Growing up love between a man and a woman was a foreign concept. Monica understood love in the way her mother works until past ten at night to buy her school uniform, she saw it in the soft gaze of her grandmother who watched her face in the mirror when she braided her hair before bed each night.
Her mother told her that men are selfish, they don’t know how to love, they can’t be trusted, and they will always leave. She cannot remember when her father left; only that he has never been there at all. She can remember her stepfather’s departure; the image of her mother crumpled up on the kitchen floor clutching the papers while another woman waited for him outside in the car is forever etched in mind’s eye.
The first time Dontaye left Mo didn’t expect him to come back. She screamed at him to get out until her voice was raw and the door slammed shut, sealing the space between them like the lines of their story had come to an abrupt and unsatisfying end. Somehow without trying he’d showed her what it meant to be in love.

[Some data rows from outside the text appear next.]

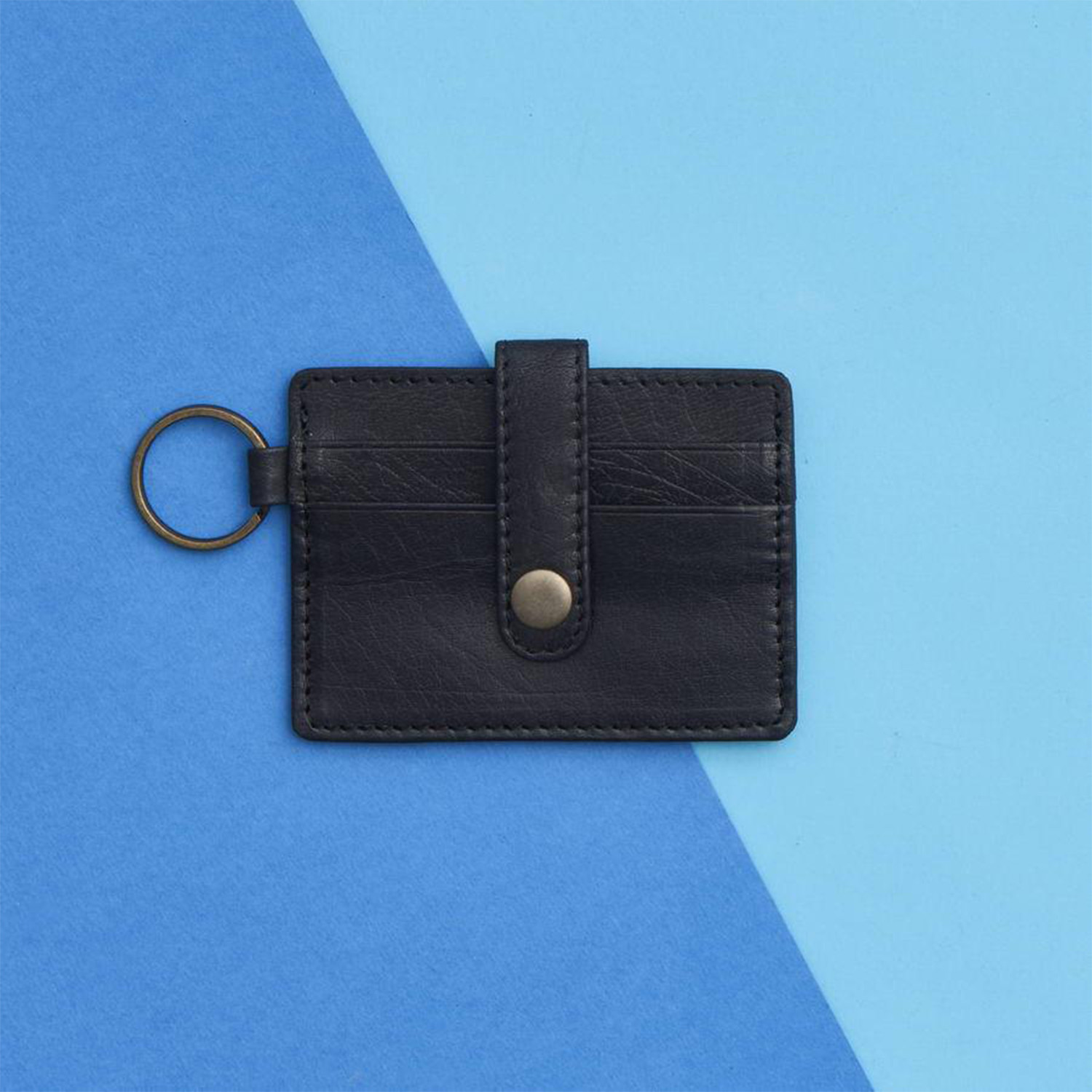 This leather cardholder key ring allows you to keep your cards safe in luxurious style and makes a perfect personalized present for someone special. It's handmade using hardwearing, distressed buffalo leather and a simple, functional design, which will keep your cards safe. You can also fold notes into it, making it an extremely slim-fit wallet.
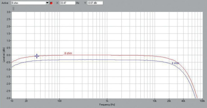 Z danych firmowych można dowiedzieć się o mocy 2 x 60 W przy obciążeniu 8 Ω, nie ma informacji o możliwościach przy 4 Ω, ale na szczęście nie ma też zakazu podłączania takiej impedancji, więc zbadaliśmy obydwie opcje. M2si okazuje się zdolny do większego wysiłku, przy jednym kanale wysterowanym oddaje 92 W przy 8 Ω i 121 W przy 4 Ω. W trybie stereo M2si uzyskuje 2 x 80 W przy 8 Ω i 2 x 103 W przy 4 Ω, i są to najlepsze wyniki w tej grupie.
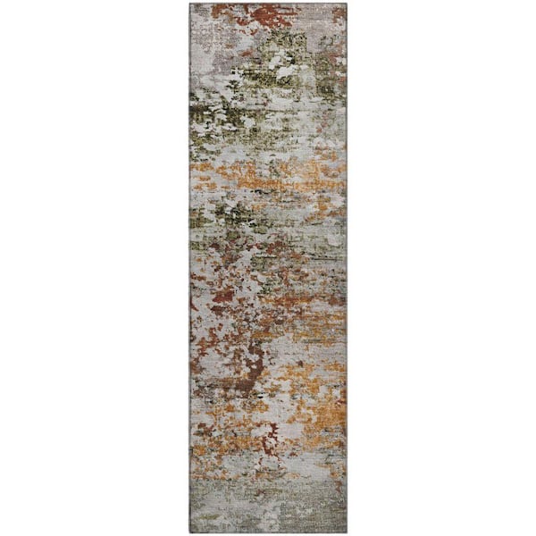 Mayfield Premium Machine Washable Abstract AMF1830 Terracotta 2 ft. 3 in. x 7 ft. 6 in. Runner Rug
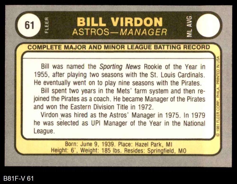 1981 Fleer #61 Bill Virdon
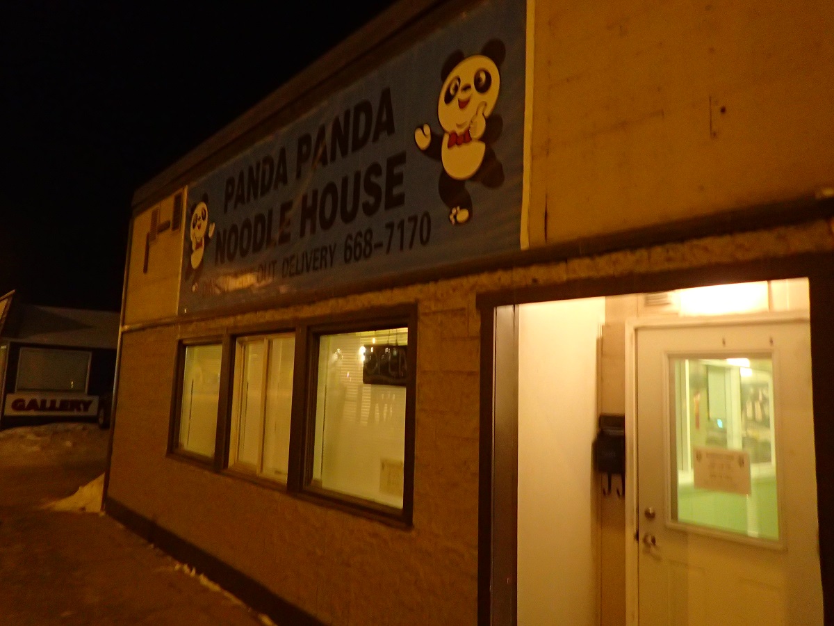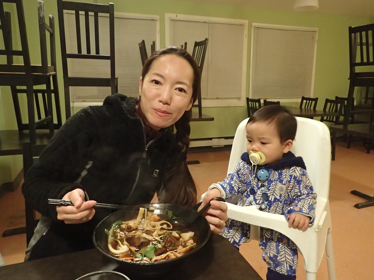 ホテルに戻ってソリをチェックすると車輪を固定するナットが取れて紛失していた。輸送するときにばらしたり組み立てたりする部分なので念のため予備のボルトとナットをいくつも購入してあるので問題はないがたかが数キロで紛失してしまうのはちょっとまずい。新しいナットを力を込めて占める。夕食は昨日まで宿泊していたモーテルのそばにある「パンダパンダ」というヌードル屋へ。怪しいたたずまいでいままではパンダパンダに行くくらいならマクドナルドへという感じだった。閉店40分前(21:30終了のところ20:50)で店員さんはお店のかたずけをしながらめんどくさそうな対応。でもOKだというのでメニューを見せてもらい店員さんお勧めのワンタンメンを注文。お料理が出てくるのを待つ間にもお店の閉店準備が進み、周りのテーブルの上に椅子が積み上げられていきます。しばらくして麺登場。すごくおいしい!(特に麺よりも具が)れなっちは別のメニューを頼んだので少し交換して食べてみたがどちらもうまい。パンダパンダなかなかやるな!れなっちは明日もパンダパンダに行くことにしたらしい。
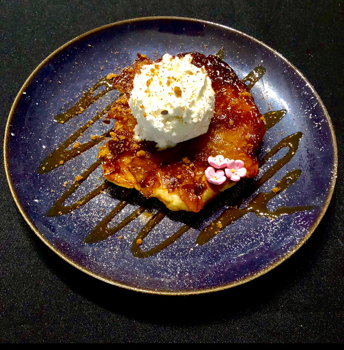 Tatin de pommes, avec un caramel au beurre salé infusé aux fleurs de sakura, glace vanille de Madagascar
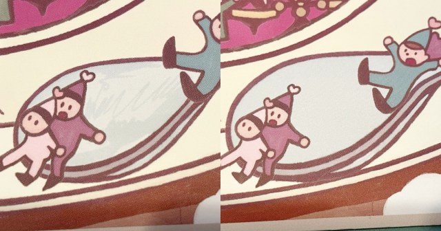 これは一体どういうことなのか? 印刷の段階で生じた汚れやエラーなのか。それともイラストレーターさんの修正漏れなのか。真相は謎のままである。

His calm confidence reached into the endless chaos of her life and provided a steadying hand. He was a shore when she was drowning. A safe place to go and be protected from the judgment and exploitation the rest of the world was so eager to pin on her.

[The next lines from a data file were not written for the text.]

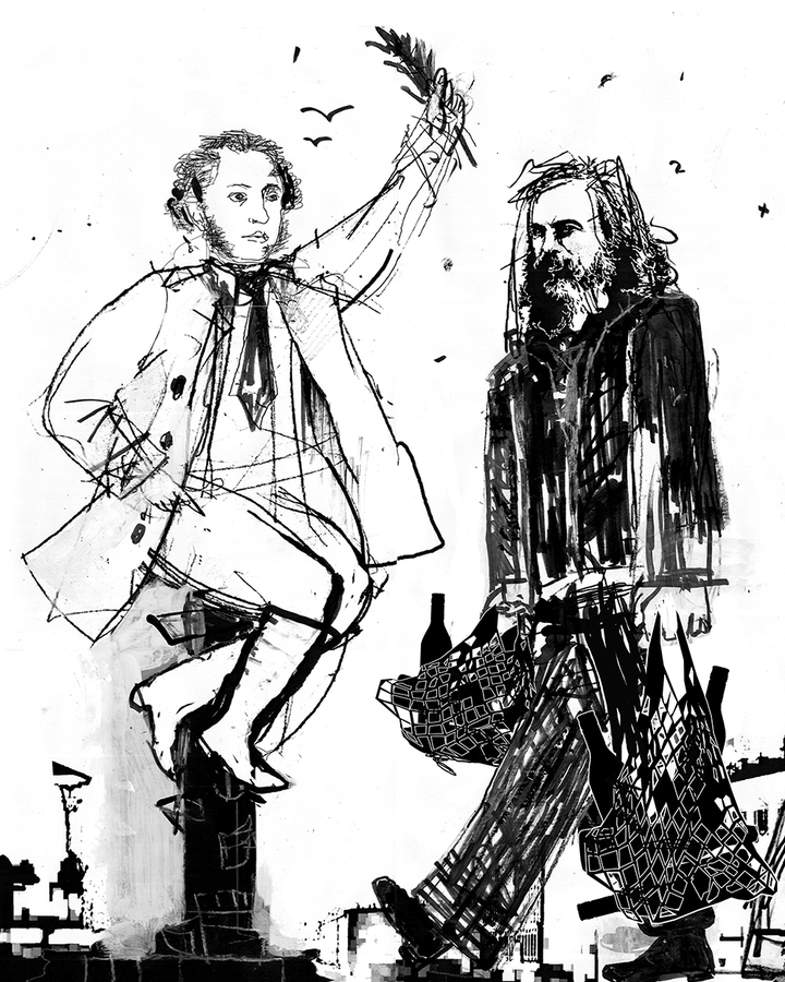 Для проекта были взяты яркие персонажи из истории Санкт-Петербурга и помещены в локацию современного Невского проспекта. Было решено не отказываться от свободного рисования, а наоборот — возвести его в ультиматум. В поисках характера героев не обошлось и без юмора: Менделеев угрюмо «топает» сдавать бутылки, Николай 2 дерется с Распутиным, а Петр 1 гордо… едет на электросамокате.
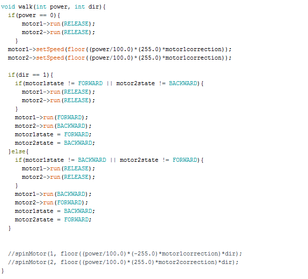 Com o novo shield de controle dos motores, o código de movimentação criado no ultimo TP foi alterado pra se adequar a sintaxe na nova biblioteca de movimentação. O as funções mantiveram sua assinatura e resultado esperado, mas sua implementação interna foi alterada. O shield dos motores utiliza a biblioteca Adafruit_Motor_Shield_V2 disponibilizado pelo professor para nosso grupo. A nova biblioteca tornou a programação de giro dos motores mais simples, onde era necessário apenas setar a velocidade do motor com um método e a direção de giro com outro.
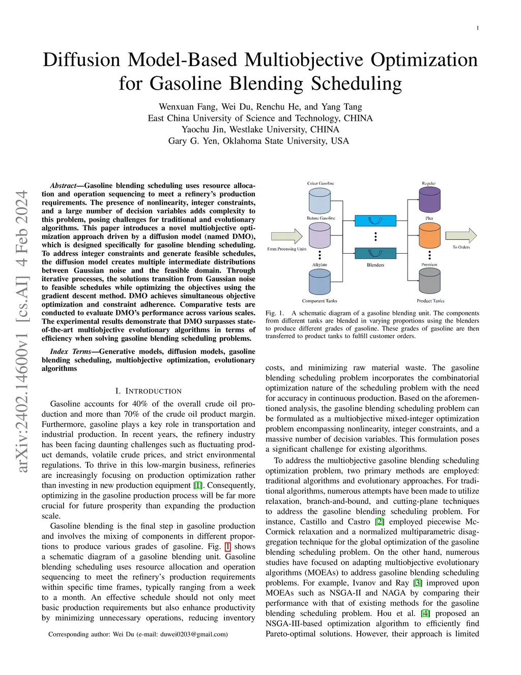 Diffusion Model-Based Multiobjective Optimization for Gasoline Blending

When he returned she knew for the first time what it felt like to be full. She had to lose him to know that she needed him, and he had to come back on his own to prove he could be trusted.

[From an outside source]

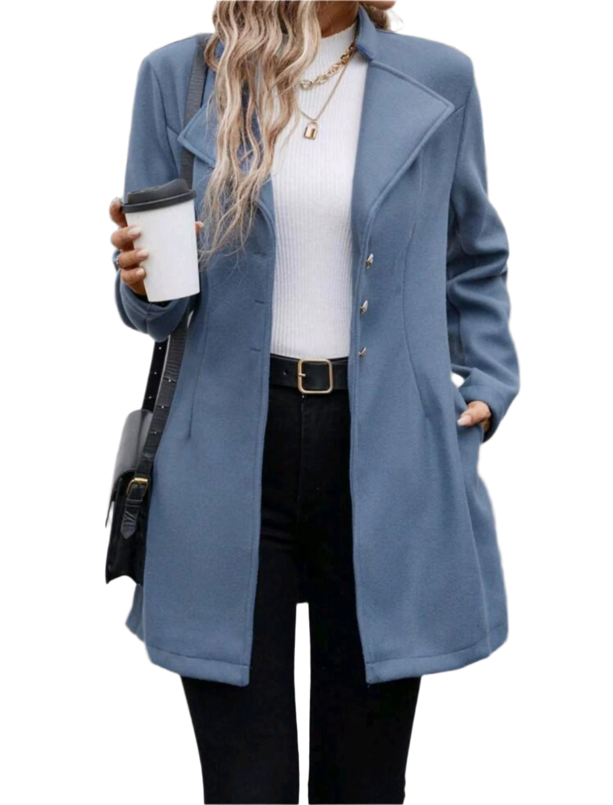 Címke nélküli, stílusos kék kabát elegáns, karcsúsított szabással. Aranyszínű gombokkal díszített, letisztult vonalvezetésű dizájn. Kényelmes viselet tavaszi és őszi időszakban, tökéletes hétköznapi és alkalmi outfitekhez is.

Eight years later they still play the game of tug-o-war as viciously as ever. It is a constant fight to come out on top and some days she hates him so much she can’t bear to speak his name. But it’s the other days she remembers when she’s alone – the days that blur into nights when his face is the only one she sees, when his voice is in her ear reminding her how much she matters – to him, to the world. On the good days she’s always good enough. On the good days she doesn’t need anything more than to touch him and to feel his breath on her skin to know she is alive and they will never die.
Today is a good day, and on days like these she always wakes up and goes to sleep with a prayer on her lips. She thanks God for bringing him to her, but most of all she thanks him for finding the patience to teach her how to love.